Keep in mind...any produce (cactus included) you pick up from the store...NEEDS TO BE CLEANED! You don't want any lingering chemicals to kill your baby! Here are two GREAT sources for cactus...

www.rivenrock.com
www.tortoisesupply.com

If you buy it on ebay...dorisviola sells the only truly spineless cactus I've ever seen. You can also find good (inexpensive) deals on Mazuri through ebay.

Also! Stater Bros carries Santa Barbara Mix...this is a better option than Spring Mix...because it contains no lettuce...only endive, escarole and radicchio...ALL three are GREAT for your little one.
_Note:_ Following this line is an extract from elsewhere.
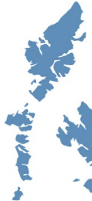
Western Isles. Including: Isle of Lewis & Harris, South Uist, Benbecula, North Uist, South Uist, Barra, Great Bernera, Grimsay, Eriskay, Vatersay

A wide range of topics were examined. The main topics covered were communities (8 works, including 2 on responses to the Covid-19 pandemic), depression (5 works), cultural heritage (4 works), telehealth (3 works), social prescribing (3 works), dementia (2 works), and fuel poverty (2 works). Other topics covered included public health, climate change, cancer distress, sensory impairment, social work, Celtic culture, children and young people's mental health, suicide prevention training, domestic abuse, access to primary care, development of a mental health questionnaire, and 'blue' health (in this case, the benefits of sea-kayaking).

God luck and keep us posted on his progress!


----------



## PEEEETE (Aug 14, 2011)

DeanS said:


> Keep in mind...any produce (cactus included) you pick up from the store...NEEDS TO BE CLEANED! You don't want any lingering chemicals to kill your baby! Here are two GREAT sources for cactus...
> 
> www.rivenrock.com
> www.tortoisesupply.com
> ...


Great post! Thank you very much, Dean. I will check out all of those sources


----------



## Robert (Aug 14, 2011)

I have been happy with the cactus from DorisViola on eBay.


----------



## DeanS (Aug 14, 2011)

PEEEETE said:


> DeanS said:
> 
> 
> > Keep in mind...any produce (cactus included) you pick up from the store...NEEDS TO BE CLEANED! You don't want any lingering chemicals to kill your baby! Here are two GREAT sources for cactus...
> ...



Hey! I just noticed, you're in Vacaville. I just sent my resume to work elephants at Six Flags!


----------



## PEEEETE (Aug 14, 2011)

DeanS said:


> Hey! I just noticed, you're in Vacaville. I just sent my resume to work elephants at Six Flags!



That's pretty freakin cool! Good luck with the new job, I hope you get it! I haven't been to six flags in a quite a while, I didn't know that they had some elephants. Like I said, I haven't been there in ages. It's changed a lot since when I was younger, and it was still called "Marine World" You would relocate way up here in Nor-Cal to work there?




Robert said:


> I have been happy with the cactus from DorisViola on eBay.



Do you skin the catctus pads before feeding them to your torts? Does the same thing apply to a hatchling? Also, how long are those pads good to keep in the fridge (whole, not after cutting up) because I only have 1 tiny hatchling, and I'm guessing most of each order is going to spoil before he can eat it


----------



## DeanS (Aug 15, 2011)

PEEEETE said:


> DeanS said:
> 
> 
> > Hey! I just noticed, you're in Vacaville. I just sent my resume to work elephants at Six Flags!
> ...





If all the tangibles are in place...yes! I would relocate! The wife is already looking for houses! 

You don't need to skin the cactus...if you have a food processor, you can chop it in there just fine!


----------



## dmarcus (Aug 15, 2011)

PEEEETE said:


> dalano73 said:
> 
> 
> > Opuntia cactus pads is a good option that can be found at most Mexican food stores.
> ...



Yes they are sold fresh in the produce section...

They can keep for a while, I just found a pad in the back of my fridge and it had to be there atleast a month and it was still nice and firm...


----------